2 Problem Formulation

Energy consumption determination is perhaps the first crucial element in demand side energy management (DSM). Additionally, in integration process of renewables such as solar plant in industries, knowledge of the load is a necessary requirement. To achieve this, direct measurements of generation and consumption can be done, otherwise known as an energy audit. This method is costly and might mean persistent measurements under different industrial production conditions. Another way is to get the industrial processes average energy consumption from a manufacturer’s specification. This method, even though simple, is not usually practically usable. This is because, it does not take into account the energy utilization under changing scenarios such as a not nominal operation, changing input parameters in production processes, and changing behavior of machines through its life cycle. The last method, which is proposed in this study, is to use ANNs to predict energy use patterns under real-time changing production processes. This however, requires a substantial data and several model configuration trials in order to generalize well.

This work is part of a larger project called “Control and Optimization of a Large-Scale Solar Plant in Ethiopian Textile Industry”. The aim of the project is primarily a smooth integration of an economically realizable solar plant for existing steam boiler’s feed water.
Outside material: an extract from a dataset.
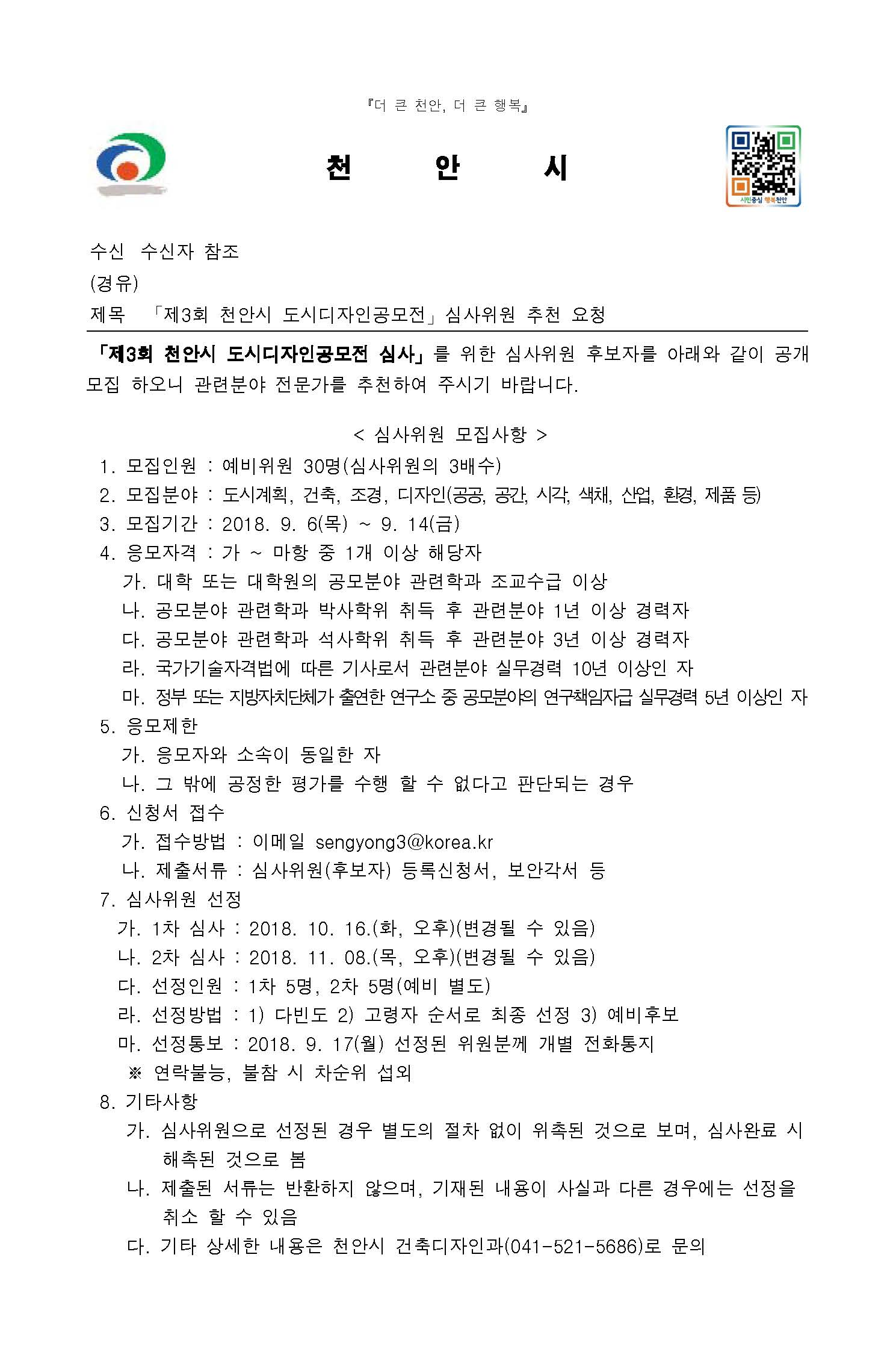 「제3회 천안시 도시디자인공모전」심사위원 추천 요청

During the course of this project, determining the thermal energy demand was deemed necessary for optimal sizing and operation of the solar plant. This task was difficult to achieve due to the absence of fund to do energy auditing. Neither was average thermal energy use determination possible since the factory was very old and no known specifications are available. These combined factors lead to the idea of predicting energy use patterns from other available related data through an ANNs. These related data are daily production from steam consuming machines and a KWh meter reading of a boiler.

The proposed research work employs the well-known BP algorithm for a multilayer feedforward neural network. The work has taken in to consideration all issues pertinent in practical implementation of these ANNs. To this end a Matlab scrip code was written that incorporates all the above mentioned issues and arrived at acceptable performance during run-time.

 

2.1 Fundamentals of Artificial Neural Networks (ANNs)
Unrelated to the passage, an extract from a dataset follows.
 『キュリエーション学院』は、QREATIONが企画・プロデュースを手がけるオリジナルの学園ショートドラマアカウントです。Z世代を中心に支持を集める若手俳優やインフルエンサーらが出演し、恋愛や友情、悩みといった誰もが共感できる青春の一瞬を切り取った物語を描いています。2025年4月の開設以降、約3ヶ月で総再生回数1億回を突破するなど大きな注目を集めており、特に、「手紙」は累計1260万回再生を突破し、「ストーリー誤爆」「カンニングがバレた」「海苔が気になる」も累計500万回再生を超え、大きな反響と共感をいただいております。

ANNs are defined as a collection of processing units with networks for interaction with each other through a weighted interconnection [3]. The whole aim of these networks is to replicate, in a rather simplified manner, the workings of a human biological central nervous system. The performance of these ANNs depends, in a not clearly defined manner, on the number, interconnection and interaction of these constituent units.
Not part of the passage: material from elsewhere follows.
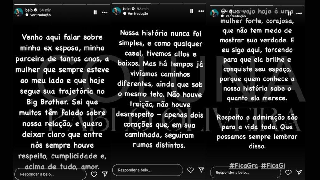 Belo, que foi casado com Gracyanne por mais de uma década, fez questão de exaltar a trajetória da musa fitness e expressar seu apoio incondicional, mesmo após o término: “Venho aqui falar sobre minha ex-esposa, minha parceira de tantos anos, a mulher que sempre esteve ao meu lado e que hoje segue sua trajetória no Big Brother. Sei que muitos têm falado sobre nossa relação, e quero deixar claro que entre nós sempre houve respeito, cumplicidade e, acima de tudo, amor”, declarou.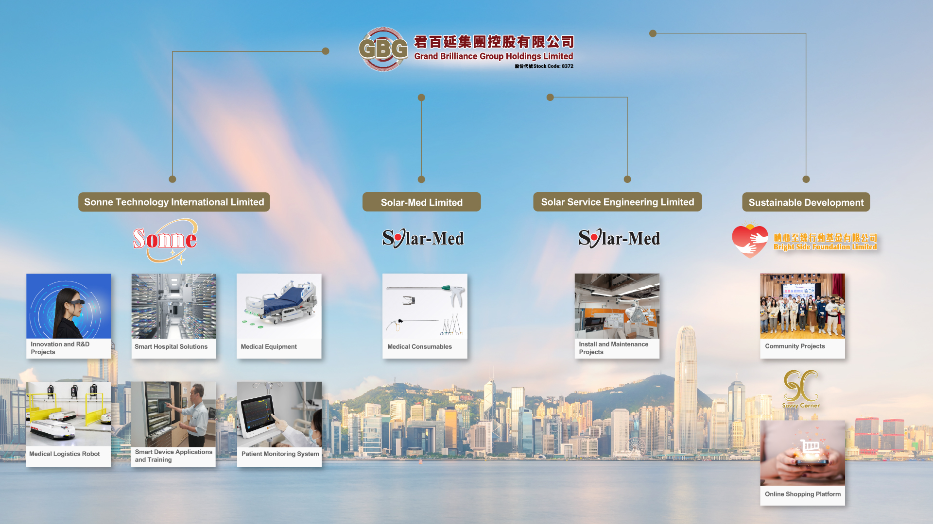 The Group comprises divisions for medical device distribution, innovative technology research and development, business development, and social responsibility. These divisions collaborate to enhance healthcare and corporate social responsibility, contributing to the well-being of Hong Kong and the Greater Bay Area.

The aforementioned units are known as neurons. These neurons receive and give input signals to all other units of which they are connected.

A single neuron model is shown in Figure 1. The output strength from the neuron is determined from the function f, which itself depend on the value of weight (W) and bias (b) associated with each interconnection. The implementation process begins when an input is presented to the network and propagated through the network as an output by the transfer function otherwise known as activation function. For MLP this process goes on from neuron to neuron and layer by layer through the output layer that process and gives the final value. A typical MLP neural network is depicted in Figure 2.

In MLP the training is implemented by examples prior to their usage as a useful network. This training attempts to iteratively adjust connection weights and biases using a known training data. To facilitate this training, the outputs from the network are compared to the target examples, which are known as the error performance index (PI). This error is compared and propagated back through the network to adjust weights and biases until an acceptable PI is achieved.


 

Fig.1 A single neuron ANNs

Fig. 2 Three-Layer Network, Abbreviated Notation

The final stage of the network implementation involves fixing the adaptive weights and biases using the last values of the training stage. The network then computes the output directly to give an estimated value for the inputs.

 

2.2 The MLP Architecture and the Back Propagation (BP) Algorithm

The three-layer MLP network with the associated notation is depicted in Fig. 2.

For MLP the result from preceding layer feeds the following layer which is denoted by

Where is the number of layers in the network.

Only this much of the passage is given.